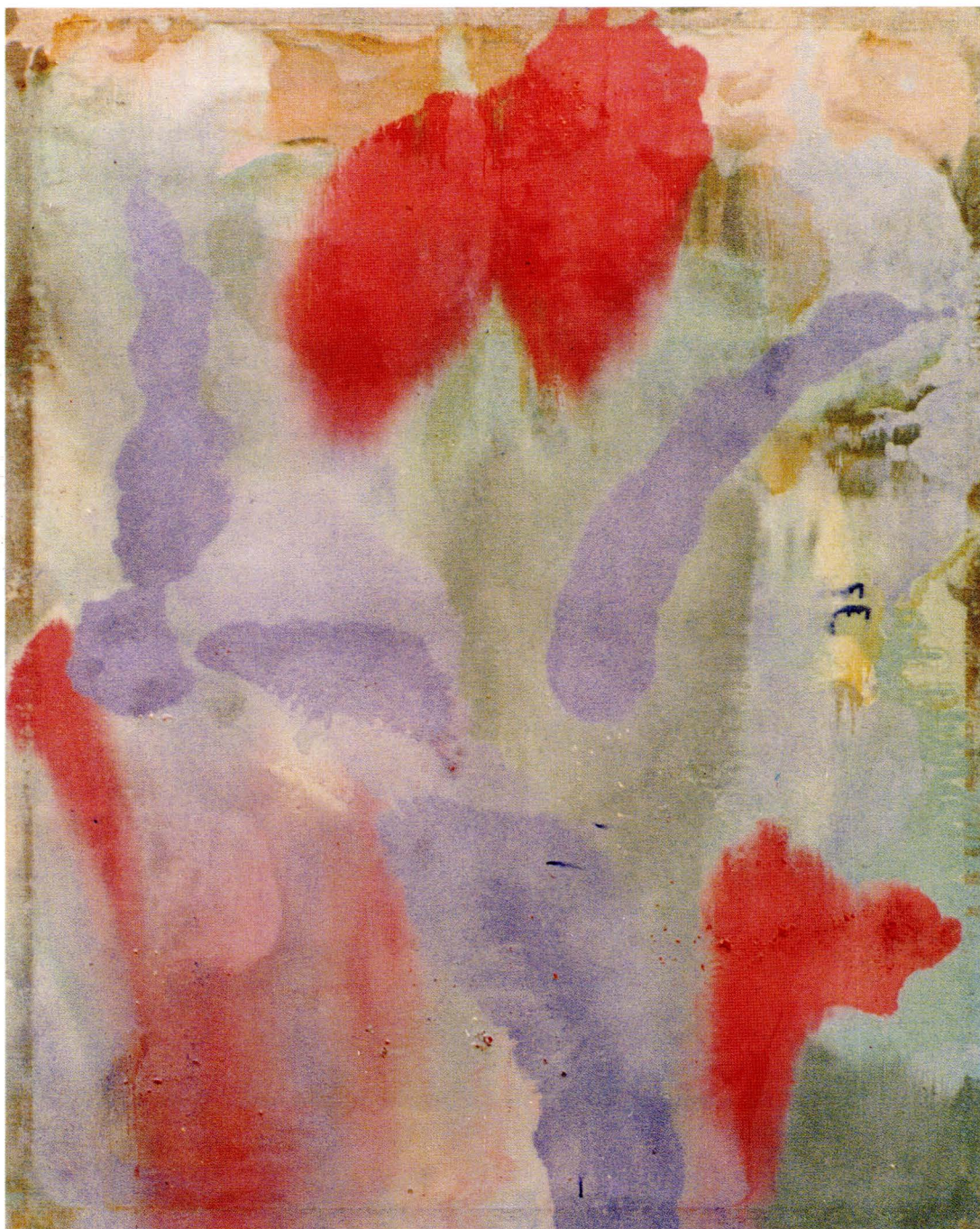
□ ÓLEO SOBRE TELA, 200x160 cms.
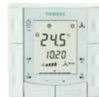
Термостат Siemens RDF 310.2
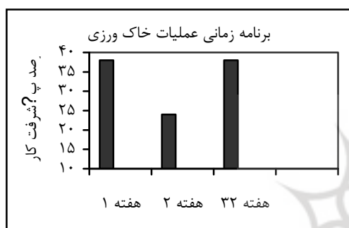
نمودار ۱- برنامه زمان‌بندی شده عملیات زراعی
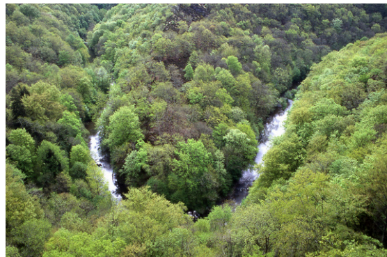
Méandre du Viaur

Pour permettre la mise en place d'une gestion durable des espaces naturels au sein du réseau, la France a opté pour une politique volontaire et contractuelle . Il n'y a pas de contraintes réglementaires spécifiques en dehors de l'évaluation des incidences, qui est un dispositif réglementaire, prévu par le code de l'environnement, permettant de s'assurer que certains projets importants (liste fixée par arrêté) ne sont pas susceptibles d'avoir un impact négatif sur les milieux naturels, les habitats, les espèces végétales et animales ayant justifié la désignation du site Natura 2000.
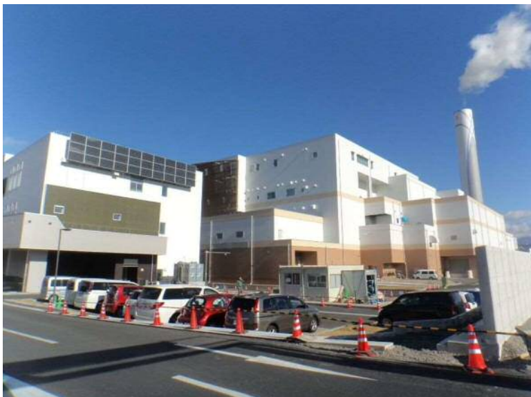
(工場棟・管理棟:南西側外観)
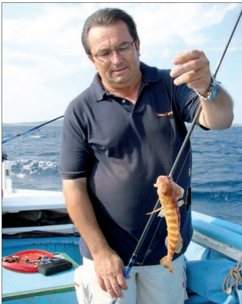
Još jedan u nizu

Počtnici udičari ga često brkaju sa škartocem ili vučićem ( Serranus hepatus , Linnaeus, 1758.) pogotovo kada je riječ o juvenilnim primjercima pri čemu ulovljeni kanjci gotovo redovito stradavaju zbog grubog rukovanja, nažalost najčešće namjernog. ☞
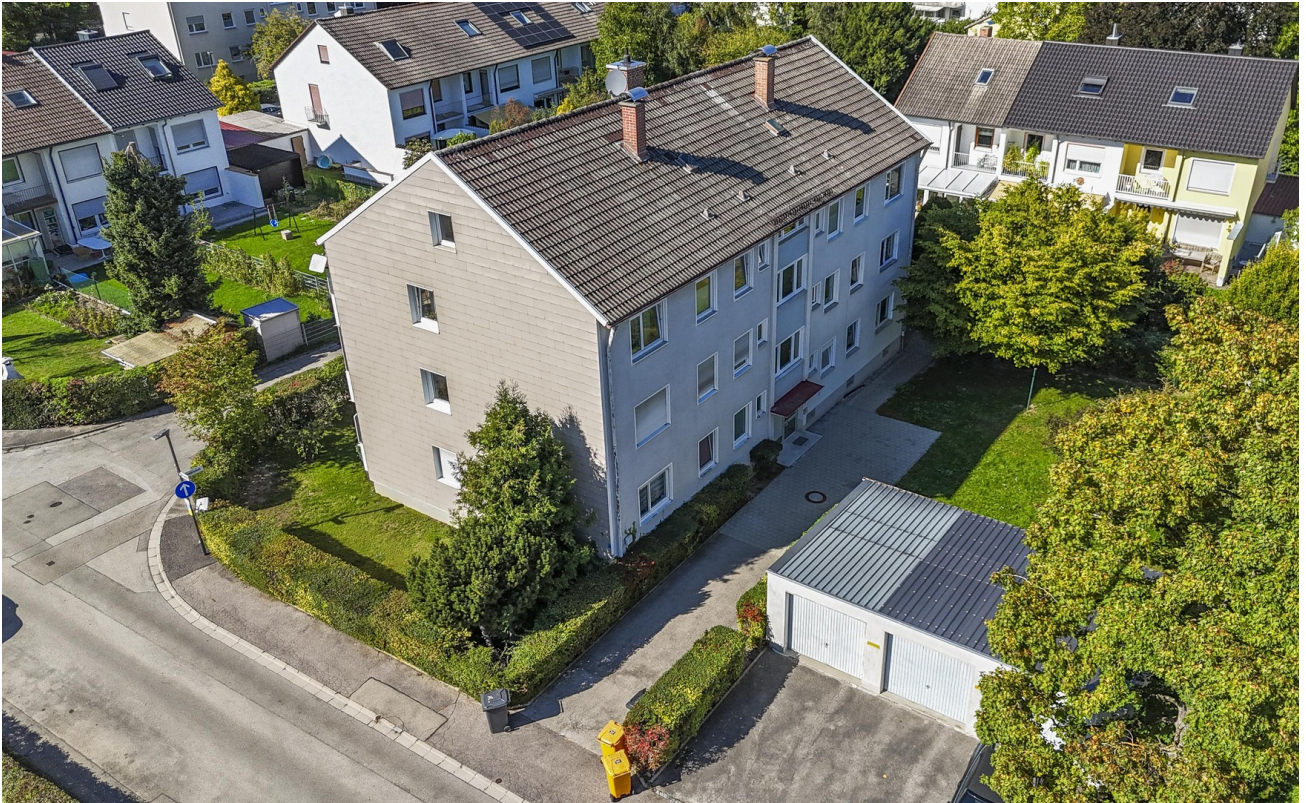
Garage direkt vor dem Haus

[Prompt] Pictures excluded, output exactly the line that contains "Počtnici udičari ga" and every line after it to the end of the data above.

[Solution for this task]
Počtnici udičari ga često brkaju sa škartocem ili vučićem ( Serranus hepatus , Linnaeus, 1758.) pogotovo kada je riječ o juvenilnim primjercima pri čemu ulovljeni kanjci gotovo redovito stradavaju zbog grubog rukovanja, nažalost najčešće namjernog. ☞
Garage direkt vor dem Haus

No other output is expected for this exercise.